# icloud demande mot de passe de l'ordi



## Tobias2017 (19 Mai 2022)

Bonjour, 
Aujourd'hui, iCloud me demande le mot de passe de l'ordi. Ce n'est pas le mot de passe de session/utilisateur, ni le mot de passe du compte Apple. Qu'est-ce que c'est?


----------



## LaJague (19 Mai 2022)

??? A part le mdp du compte iCloud je vois pas bien ! 

Un screenshot ?


----------



## Tobias2017 (19 Mai 2022)

maintenant, le compte admin est bloqué, il ne reconnait pas le mot de passe. Seul le compte standart est accessible...


----------



## LaJague (20 Mai 2022)

La à part l’assistance….


----------



## Locke (20 Mai 2022)

Tobias2017 a dit:


> maintenant, le compte admin est bloqué, il ne reconnait pas le mot de passe. Seul le compte standart est accessible...

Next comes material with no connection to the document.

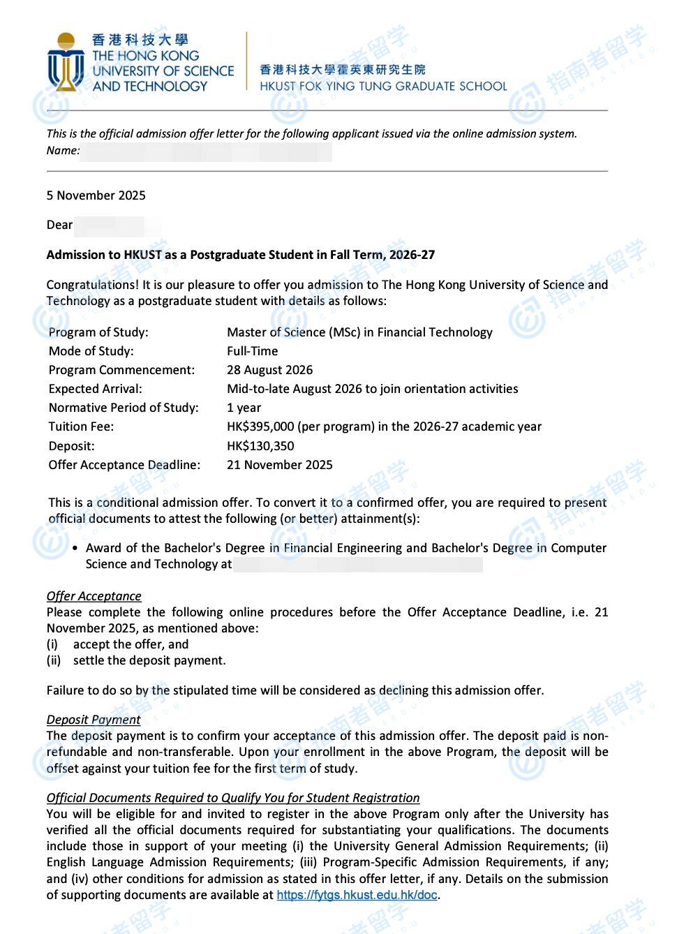 香港科技大學金融科技理學碩士研究生offer一枚

Tu n'aurais pas activé FileVault ?


----------



## Tobias2017 (20 Mai 2022)

Locke a dit:


> Tu n'aurais pas activé FileVault ?


oui, FileVault est activé...


----------



## Powerdom (20 Mai 2022)

Aie. Mais pourquoi ? En cas de perte de ce mot de passe c'est maintenant irrécupérable


----------



## Membre supprimé 1172465 (20 Mai 2022)

Vous n'activez pas FileVault ?
Cela n'enpêche t'il pas la récupération des données en cas de vol ?


----------



## Sly54 (20 Mai 2022)

Marco a dit:


> Vous n'activez pas FileVault ?


Ca se discute, mais pas dans ce fil


----------



## Membre supprimé 1172465 (20 Mai 2022)

Sly54 a dit:


> Ca se discute, mais pas dans ce fil


Pas de souci


----------